Nederland kan de toedracht van de schermutselingen in september jl. niet eigenstandig verifiëren. Beide landen beschuldigen elkaar van geweldsuitlokking. Het belangrijkste is nu dat de vredesonderhandelingen tot een duurzaam akkoord leiden. Nederland steunt de EU-bemiddeling. Daarnaast financiert Nederlands momenteel meerdere projecten in Armenië, uit het MATRA-programma en het Mensenrechtenfonds. Ook steunt Nederland de inzet van de EU monitoringscapaciteit (EUCAP) aan de Armeense grens. Voorts beziet Nederland hoe het op andere manieren kan bijdragen aan de stabiliteit en economische ontwikkeling van Armenië.

Vraag 4
Hoe kan de welkome trend van Abraham-akkoorden verder versterkt worden?

Antwoord

Nederland heeft de normalisatieakkoorden verwelkomd en zag dit als belangrijke stappen in het verbeteren van de relaties tussen Israël en de Arabische landen. Het is aan Israël zelf te komen tot eventuele nieuwe en toekomstige normalisatie-akkoorden.

Vraag 5
Waar leidt het uiten van zorgen over het Iraans nucleair programma toe? De minister noemt de terugkeer naar JCPOA onontbeerlijk, maar wil hij dan wel werk maken van aanvullende afspraken conform de motie die hierover is aangenomen in de Kamer?

Antwoord

De lastige realiteit is dat een nieuw nucleair akkoord op dit moment de beste manier blijft om een Iraans kernwapen te voorkomen. En dat is essentieel voor de Nederlandse nationale veiligheid. Tegelijkertijd is het Kabinet niet optimistisch dat er snel een hernieuwd nucleair akkoord met Iran kan worden gesloten. Iran zet al langer stappen in de verkeerde richting (meer verrijking, meer centrifuges, hogere verrijkingspercentages). Nederland is overigens geen partij bij de onderhandelingen en bepaalt niet of en wanneer deze onderhandelingen worden opgeschort.

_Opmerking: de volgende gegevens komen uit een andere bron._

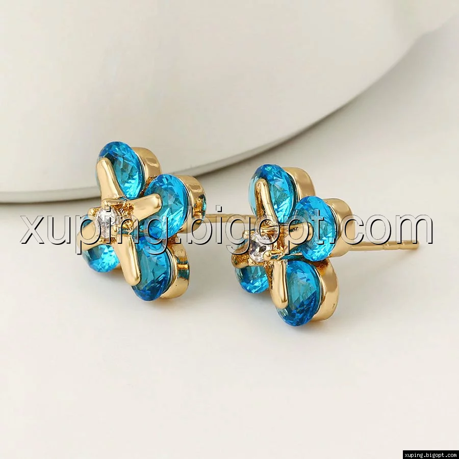 Серьги гвоздики, Четырехлистник с голубым цирконием, позолота

Vragen van het Lid Kuzu (Denk)

Vraag 1

Hoe geeft het kabinet vorm aan het ontmoedigingsbeleid voor bedrijven op Israëlische nederzettingen? Wat is het huidige ontmoedigingsbeleid nog waard?

Antwoord

Het kabinet is tegen een boycot van Israël en spant zich in voor versterking van de (economische) betrekkingen met Israël binnen de grenzen van 1967. Hiermee wordt onder andere invulling gegeven aan de motie Van der Staaij en Voordewind over het aanmoedigen van economische relaties tussen Nederlandse en Israëlische bedrijven (Kamerstuk nummer 23432-363). In dit kader heeft de ontmoeting met een afvaardiging van het Israëlisch bedrijfsleven plaatsgevonden die past binnen het Nederlandse ontmoedigingsbeleid.  

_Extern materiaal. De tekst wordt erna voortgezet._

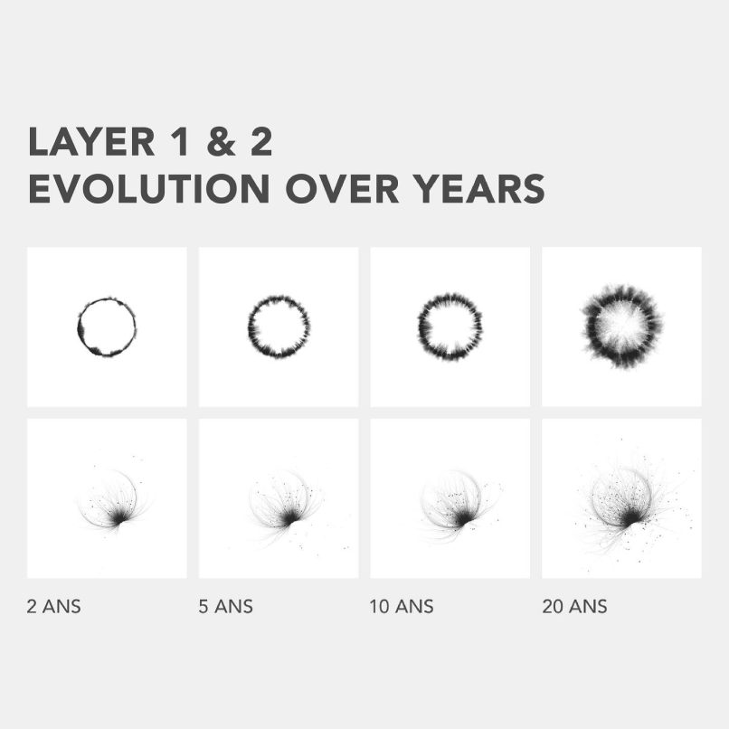 In collaboration with Parkinsons Québec, we created a generative art machine. This program uses sourced data from vector points plotted on a tablet and a pressure-sensitive pencil. People with Parkinson’s disease have drawn a circle on the tablet without taking their medication, leaving an imperfect circular line. This data was converted by algorithms to generate “degenerative” works of art that evolved over time just as the disease affects these people.

Het beleid is van toepassing op activiteiten van Nederlandse bedrijven, als die direct bijdragen aan de aanleg en instandhouding van nederzettingen of als die de aanleg of instandhouding ervan direct faciliteren. Het gaat hierbij om activiteiten in nederzettingen, activiteiten met bedrijven gevestigd in nederzettingen en activiteiten buiten nederzettingen die ten gunste komen aan nederzettingen. Indien Nederlandse bedrijven aankloppen bij de overheid, worden zij over dit beleid geïnformeerd. De Nederlandse overheid verleent geen diensten aan Nederlandse bedrijven waar het gaat om activiteiten die zij ontplooien in of ten behoeve van Israëlische nederzettingen in bezet gebied. Over de toepassing en reikwijdte van dit beleid bent u eerder geïnformeerd middels een brief. (Kamerstuk 23432-446)

Het kabinetsbeleid over de omgang met Israëlische bedrijven is tevens uiteengezet in de Kamerbrief met de beantwoording van de feitelijke vragen van de vaste Kamercommissie voor Buitenlandse Zaken over de evaluatie van de bilaterale samenwerkingsfora met Israël en de Palestijnse Gebieden van 22 april 2015 (Kamerstuk nr. 23432-396) hetgeen onverkort wordt toegepast.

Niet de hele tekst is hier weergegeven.